▸ **Records supplied**:
___

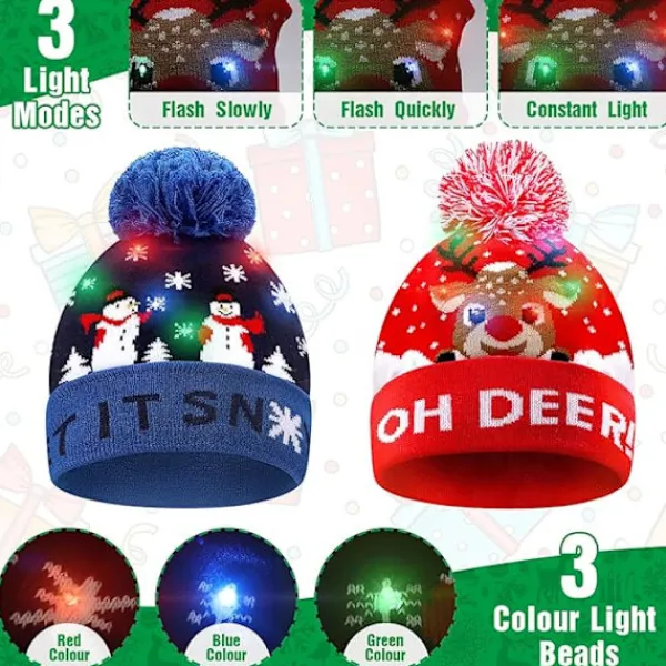 【Universal storlek】- Vår blinkande julmössa har inte bara söta mönster och LED-lampor, utan också hög elasticitet, lämplig för de flesta pojkar, flickor, män och kvinnor i olika huvudstorlekar.
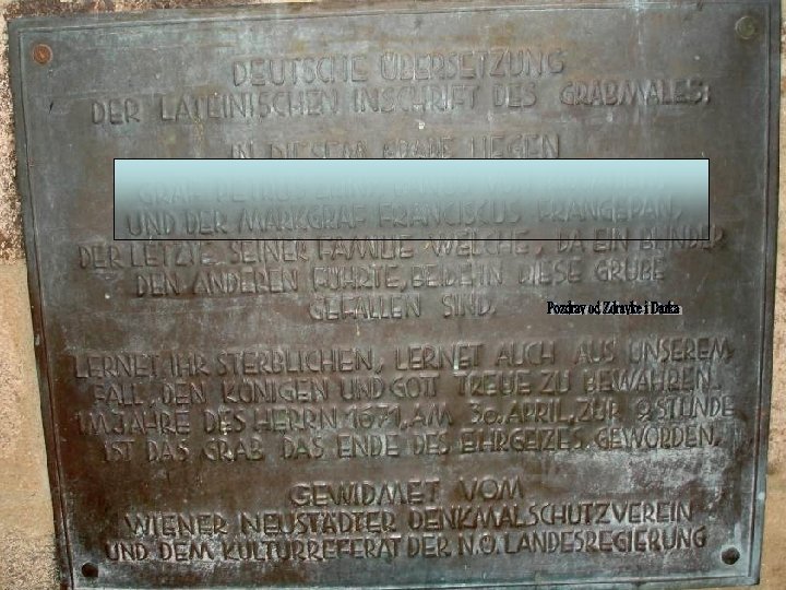 • Petar Šubić Zrinski i Fran Krsto Frankopan, te F. Nadasdy i E. Tatenbach 30. travnja 1671. bili su osuđeni i pogubljeni, na zgražanje i zaprepaštenje hrvatske i ugarske javnosti, te čitave Europe. God. 1907. » Braća hrvatskog zmaja « pronašli su kosti hrvatskih mučenika, a god. 1919. hrvatski rodoljubi su njihove ostatke prenijeli i sahranili u zagrebačku katedralu. Na njihovom grobu uklesana je poznata izreka kneza i pjesnika Frana Krste Frankopana: » Navik on živi ki zgine pošteno «.
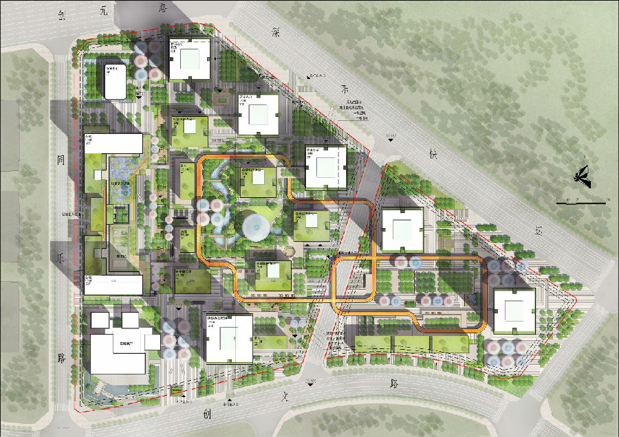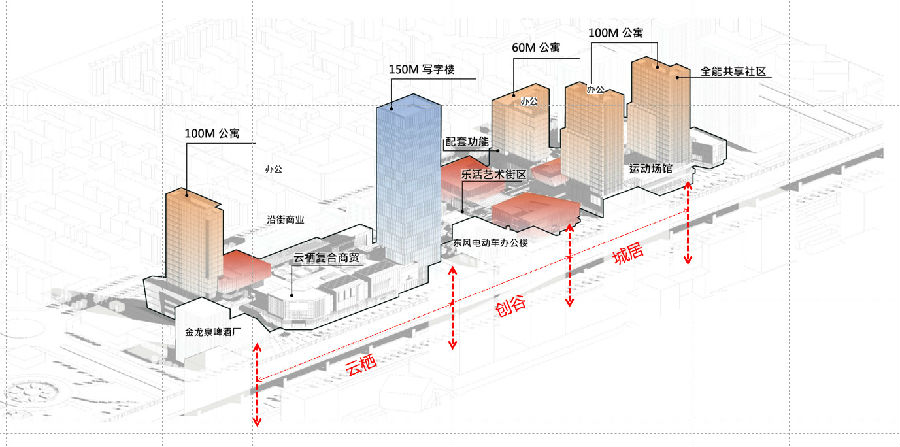 规划策略以“云栖图卷”为指引,将传统的山水意境引入现代商业建筑,打造“一轴四横”格局,将南北两侧彻底打通,连续性的商业中轴串联起云栖、创谷、城居三个组团,空间尺度及序列都非常独特,同时通过多业态的产品组合形式,提升消费体验,激发更多空间想象,最终方案一举中标。
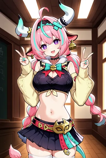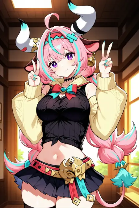 jan-varesa, 1girl, long hair, breasts, blush, skirt, hair ornament, thighhighs, bow, na,pink hair, purple eyes, long cow horns, pink cow tail, ahoge, black shoes, belt, bowtie, short black skirt, black croptop, midriff, beige detached sleeves, cow ears, neck marks, headband, braided twintails, hair ornaments, bell on ear, highlights
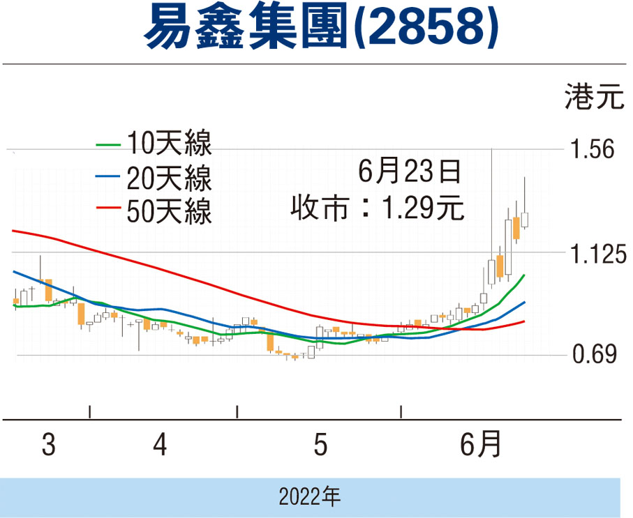 國務院常務會議確定加大汽車消費支持的政策,活躍二手車市場,促進汽車更新消費,令相關板塊近期的炒味有逐步升溫勢頭。易鑫集團(2858)於內地汽車市場提供貸款促成服務的交易平台,並自營融資業務。汽車板塊近日成為市場熱炒對象,該股也見反覆走高,昨進一步升至1.29元(港元,下同)報收,升0.11元或9.32%,續持穩於多條重要平均線上,平均線組合排列亦呈強。由於集團主營業務穩增,在市場的募資反應亦理想,在股價走勢強勢已成下,可考慮伺機跟進。
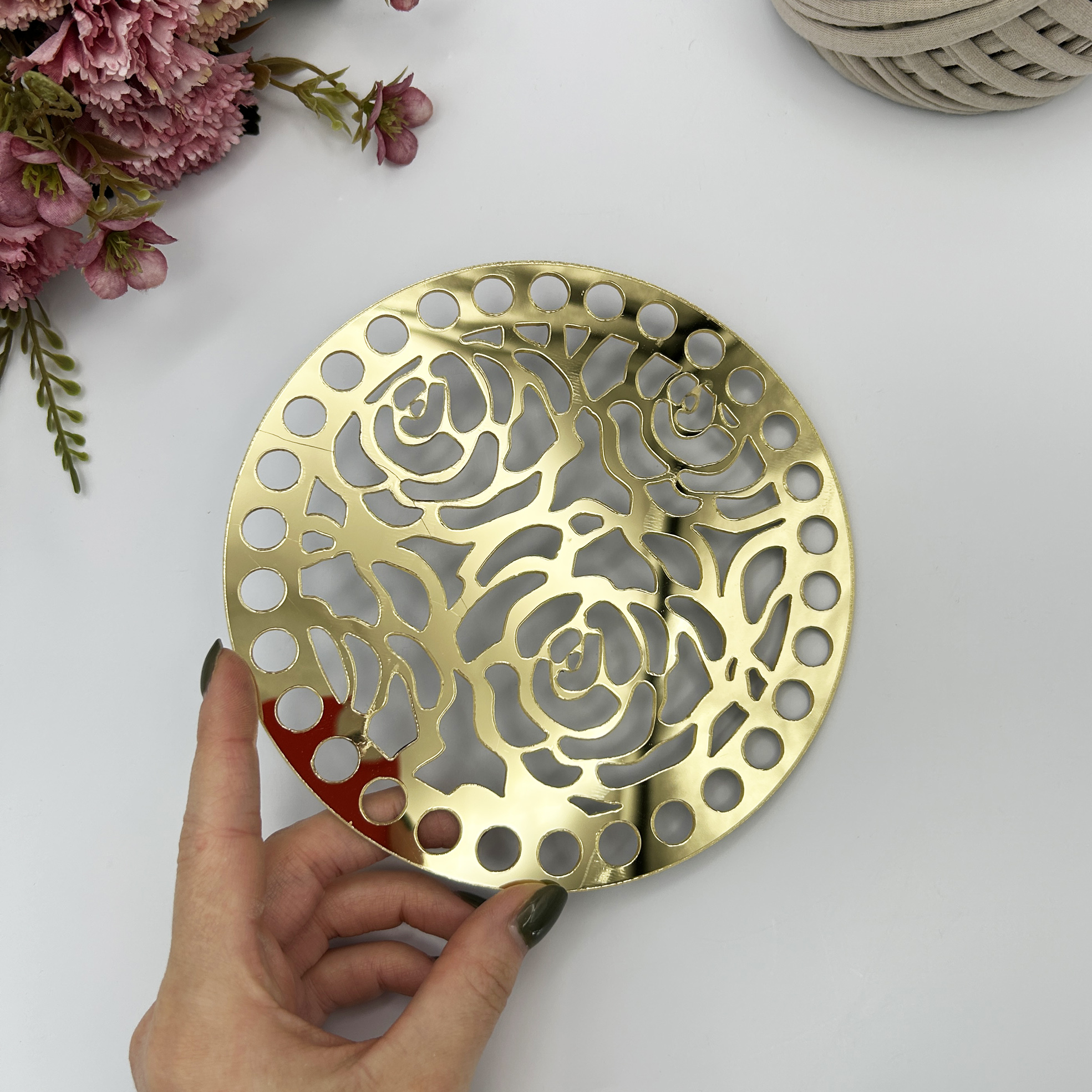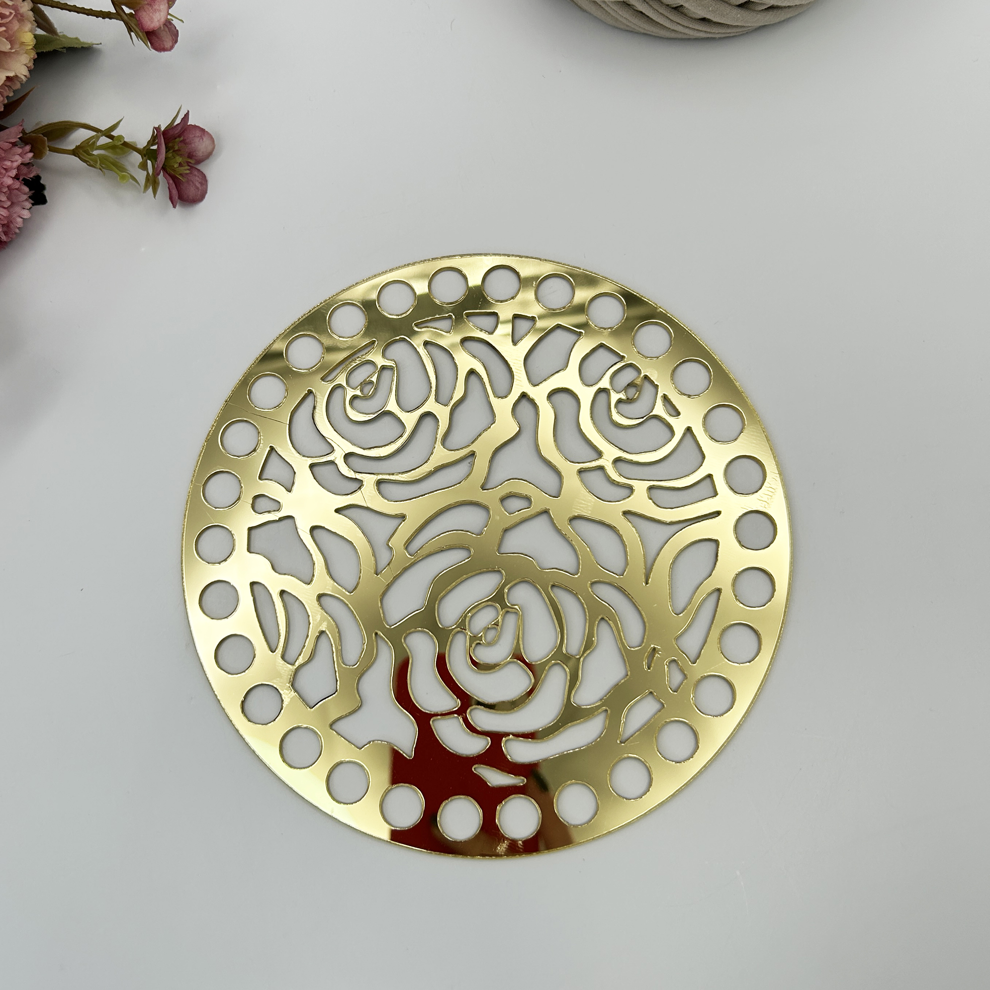 2023-3 Резная боковинка для сумки, крышка для корзинки, оргстекло "Розы", d=15см, цвет золото
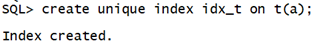 --创建唯一索引
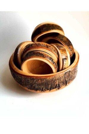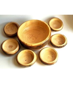 مجموعة العشاء الخشبية الطبيعية من نوع MNZ: تتكون من ست قطع، خمسة أكواب صغيرة وعاء كبير واحد. الكؤوس الصغيرة لها قطر 8-10 سم، والكؤوس الكبيرة 20

___

▸ **What needs to be done**:
Leave out the pictures and transcribe the entries above exactly.

▸ **Solution for this problem**:
 【Universal storlek】- Vår blinkande julmössa har inte bara söta mönster och LED-lampor, utan också hög elasticitet, lämplig för de flesta pojkar, flickor, män och kvinnor i olika huvudstorlekar.
 • Petar Šubić Zrinski i Fran Krsto Frankopan, te F. Nadasdy i E. Tatenbach 30. travnja 1671. bili su osuđeni i pogubljeni, na zgražanje i zaprepaštenje hrvatske i ugarske javnosti, te čitave Europe. God. 1907. » Braća hrvatskog zmaja « pronašli su kosti hrvatskih mučenika, a god. 1919. hrvatski rodoljubi su njihove ostatke prenijeli i sahranili u zagrebačku katedralu. Na njihovom grobu uklesana je poznata izreka kneza i pjesnika Frana Krste Frankopana: » Navik on živi ki zgine pošteno «.
 规划策略以“云栖图卷”为指引,将传统的山水意境引入现代商业建筑,打造“一轴四横”格局,将南北两侧彻底打通,连续性的商业中轴串联起云栖、创谷、城居三个组团,空间尺度及序列都非常独特,同时通过多业态的产品组合形式,提升消费体验,激发更多空间想象,最终方案一举中标。
 jan-varesa, 1girl, long hair, breasts, blush, skirt, hair ornament, thighhighs, bow, na,pink hair, purple eyes, long cow horns, pink cow tail, ahoge, black shoes, belt, bowtie, short black skirt, black croptop, midriff, beige detached sleeves, cow ears, neck marks, headband, braided twintails, hair ornaments, bell on ear, highlights
 國務院常務會議確定加大汽車消費支持的政策,活躍二手車市場,促進汽車更新消費,令相關板塊近期的炒味有逐步升溫勢頭。易鑫集團(2858)於內地汽車市場提供貸款促成服務的交易平台,並自營融資業務。汽車板塊近日成為市場熱炒對象,該股也見反覆走高,昨進一步升至1.29元(港元,下同)報收,升0.11元或9.32%,續持穩於多條重要平均線上,平均線組合排列亦呈強。由於集團主營業務穩增,在市場的募資反應亦理想,在股價走勢強勢已成下,可考慮伺機跟進。
 2023-3 Резная боковинка для сумки, крышка для корзинки, оргстекло "Розы", d=15см, цвет золото
 --创建唯一索引
 مجموعة العشاء الخشبية الطبيعية من نوع MNZ: تتكون من ست قطع، خمسة أكواب صغيرة وعاء كبير واحد. الكؤوس الصغيرة لها قطر 8-10 سم، والكؤوس الكبيرة 20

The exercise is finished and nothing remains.